I felt myself very old as I was looking at those details not knowing who set up these artistries over time. Without distraction, I found myself in that form of silence and solitude, as I was deaf and dumb, can’t listen and speak. The only music of wind I was listening wasn’t from this era.
Personally, I have a growing eye for weighing and scaling the height and weight of the work. My friend, a poet, often said, “Ilyaas, this isn’t just a picture; it’s a poem.”

I lived in isolation for three or four years till February 2025. Between this time, I felt myself standing beside an old tree which is telling every secret it knows about this earth. Silence became life—not intentionally but situations carried out the whole story.

Mevlana Rumi said, Let silence be the art you practice. It’s to claim that this silence and solitude means the whole body of my work.

I work for myself. I work for my loneliness transforming into the utmost solitude. I work in public; I capture droughts; I capture the sea. I look deeply into the mountains and bring back just an album for my own geography, own landscape, culture, and literature.

Photographers or artists who influence you?

The art of seeing things in various or single ways I learned from nature and myself, but to know what’s more important for my heart.

I am close with a Baloch filmmaking artist from Alandoor, Kamalan Beebagr. I always observe that scene of our first meeting. One day, he invited me to his area. He said, “Come here; we will plan a trip to Zamuran, a purely untouched land of Baloch settlements.”

December 2020, I rode to Alandoor. The next morning, I was recording the visuals with narration in Urdu. Kamalan asked, “Why talk in Urdu when you know your own language more properly?” I felt that in seconds and started my first documentary in Balochi language after hundreds in Urdu.

After that, I learned everything from Kamalan and my travels. He suggested me great books and a list of Persian, Russian, Turkish, and French movies.

He used to say that making beautiful frames isn’t the secret, putting part of your vision and wisdom into the work is. I am deeply moved by the third eye of Kamalan to see what’s good and what’s bad, to see what is art and what’s craft.

How can I be an artist without perfect practice and mindfulness? Keep calm.

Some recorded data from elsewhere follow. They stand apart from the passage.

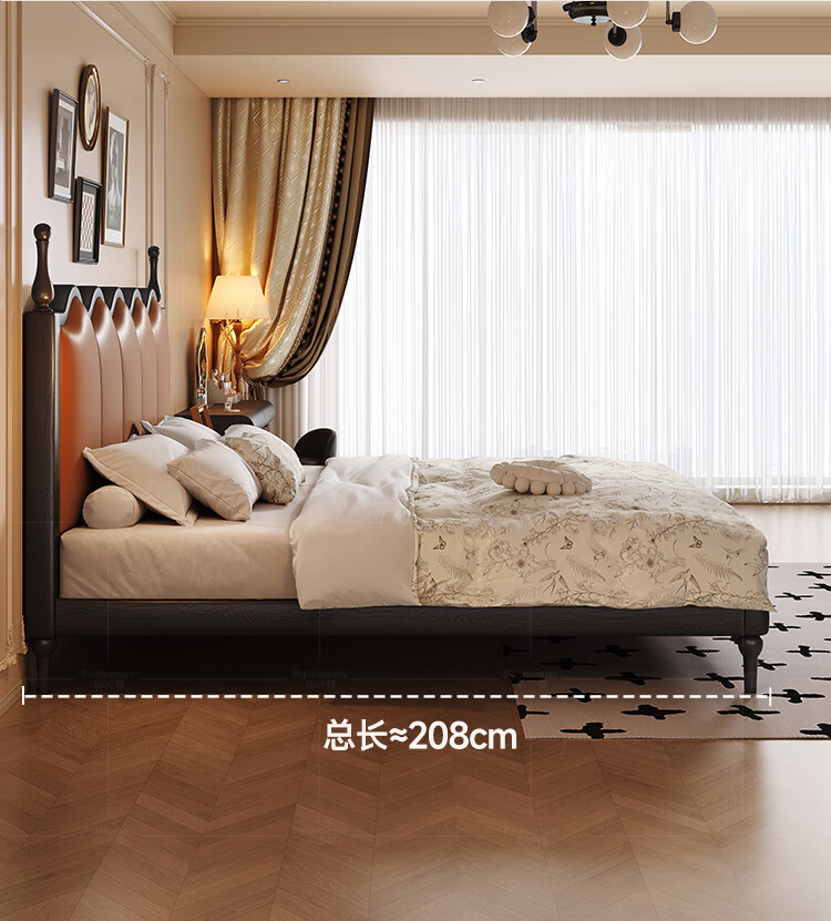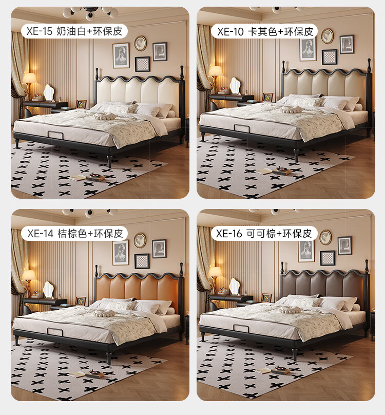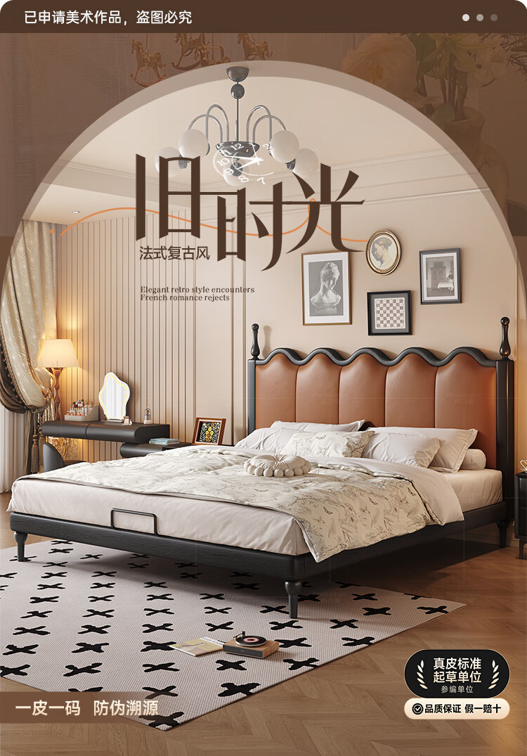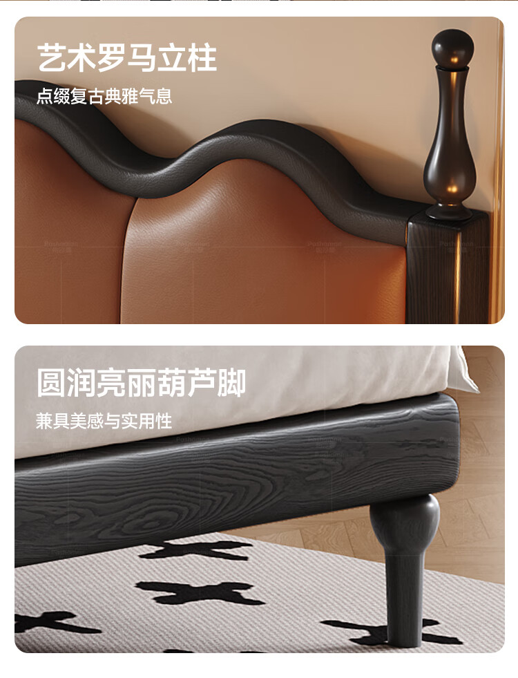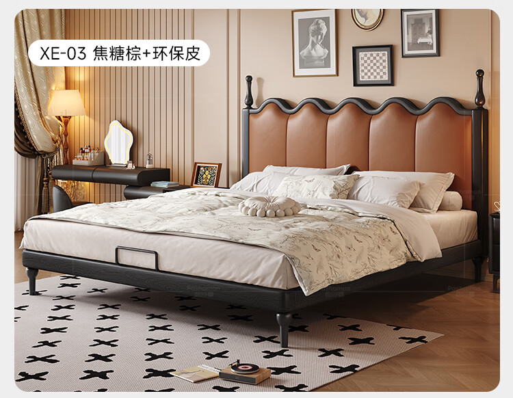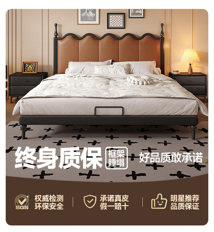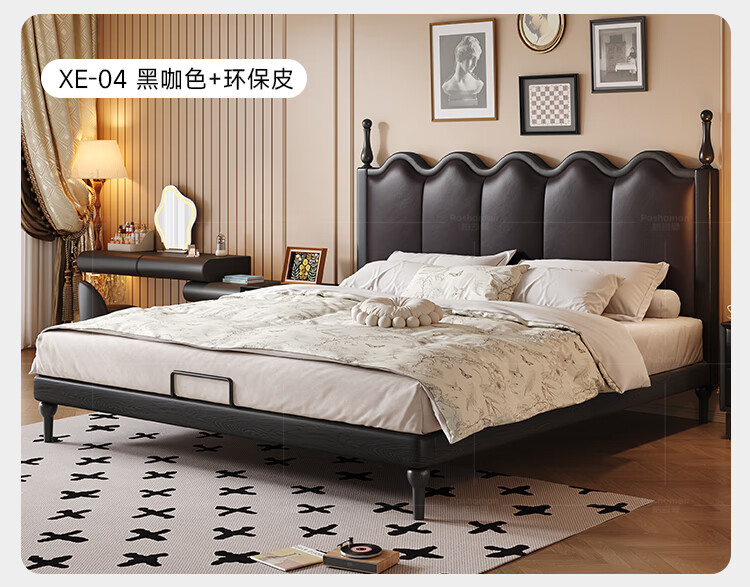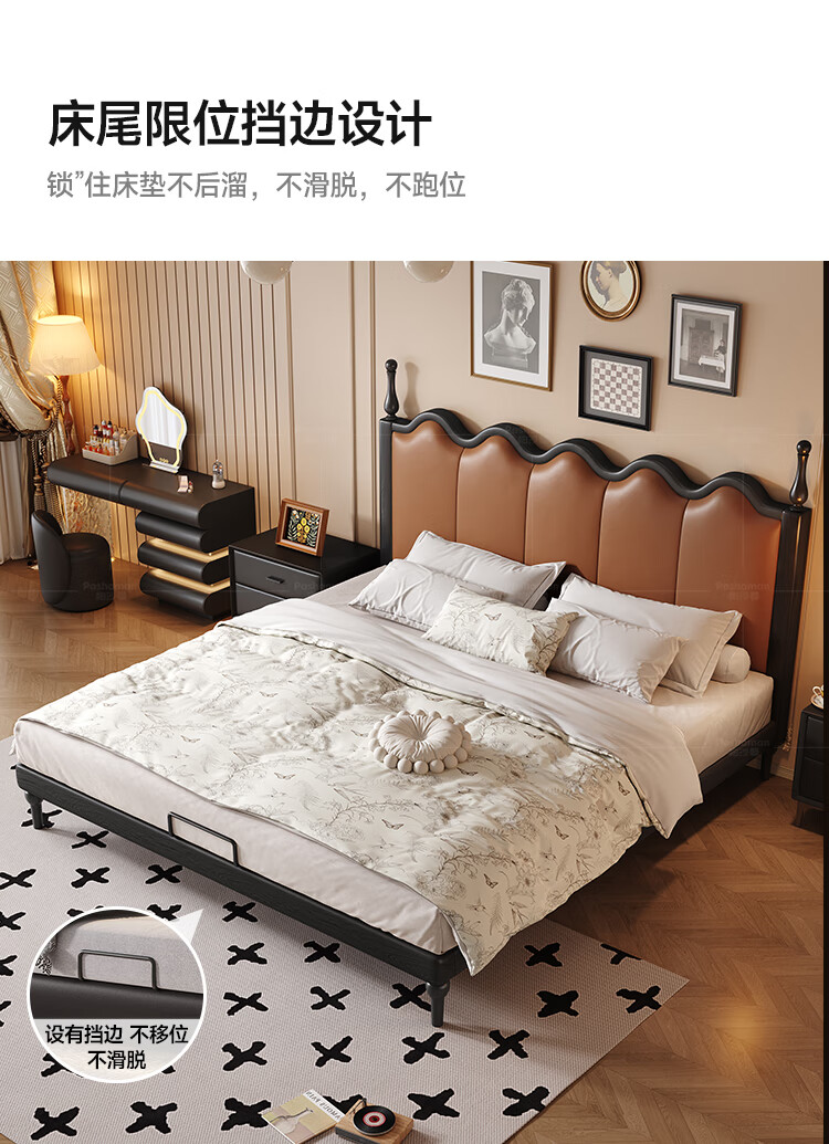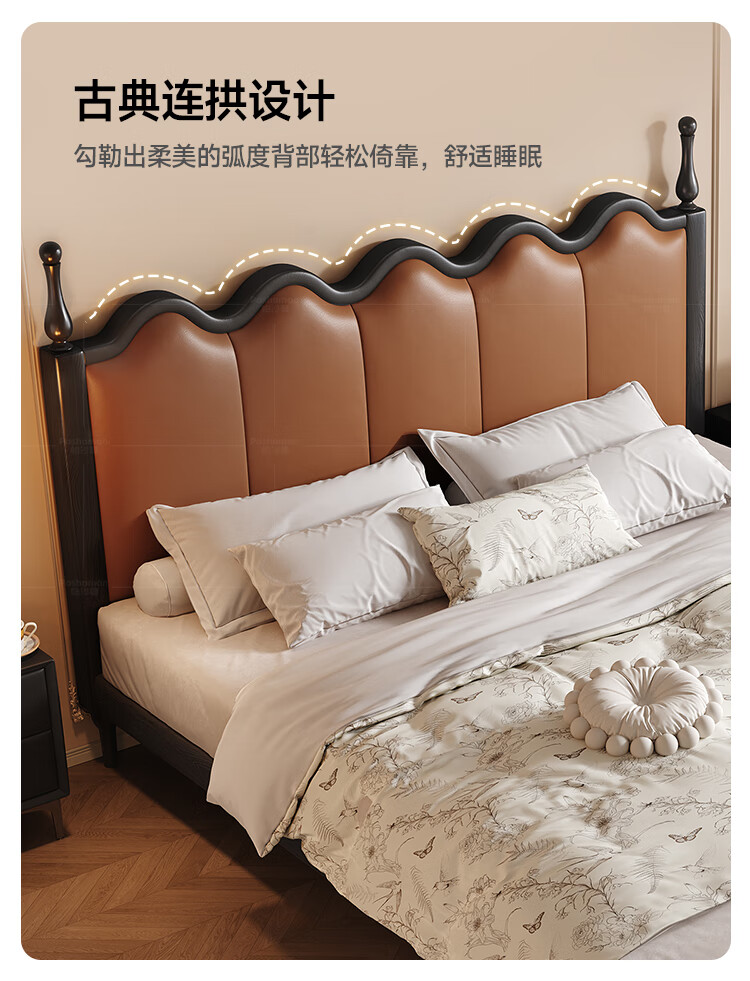 帕沙曼实木床法式复古床1米8双人床真皮家用主卧室大床2025新款床8411CP 【15CM钢木排骨架】单床 1500mm*2000mm
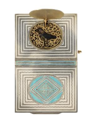 382. Carnet de bal à décor de trophée ouvrant sur le portrait miniatu...
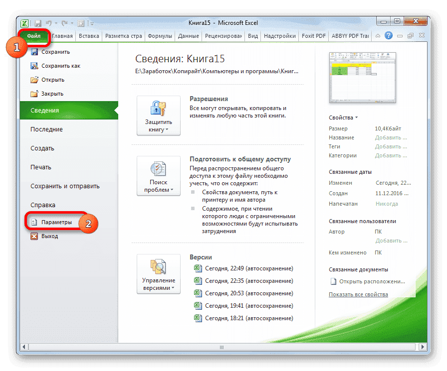 Восстановление несохраненного файла Excel
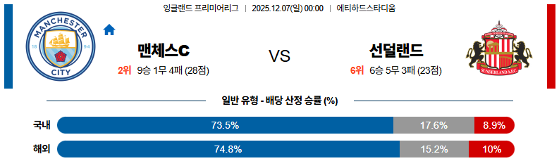 맨체스터 시티는 공이 있는 지점마다 자신들의 숫자를 채워 넣으며, 압박을 무력화하고 점유율로 상대를 지치게 만드는 전형적인 현대축구 운영을 보여줄 가능성이 큽니다. 반면 선더랜드는 끝까지 뛰고 싸우는 정신력으로 버텨야 하지만, 공을 거의 소유하지 못한 채 압박과 수비에 에너지를 쏟는 시간이 길어질수록 실점 가능성은 자연스럽게 높아질 수밖에 없습니다.

What advice would you offer to young photographers?

Stay hydrated, guys!

The fire you lit in your hearts makes it more shiny. Use your art or craft for the only reason to give your people a remain of your things. The things are your land, your literature, geography, culture, and beliefs. Go for them; work indivisible but find a piece of your work influencing all around you. What people see in your works is the work itself.

I’ll be pretty clear to you! Fall in love so hard that your pieces of soul start gossiping to each other, “Where does this man want to reach?” Fall in love so extremely that your photos are discussed like poetry or the final page of a novel.

Marwan Makhoul said, “In order for me to write poetry that’s not political, I must listen to the birds, but in order to hear the birds, the warplanes must be silent.”
They ask me, “Sir, how do you capture those amazing landscapes?” I reply because I know the geography, I know the behavior of light and darkness here. I learned everything in travels, from friends, from books and films, and the maestro itself—THE LIFE.

Art is one thing—you vomit poems, they vomit stories, I vomit photos. What comes from my eyes are exactly the formation of me.

Again, stay hydrated, fellows! Keep your spirits up to touch the untouched. There is a lot to see.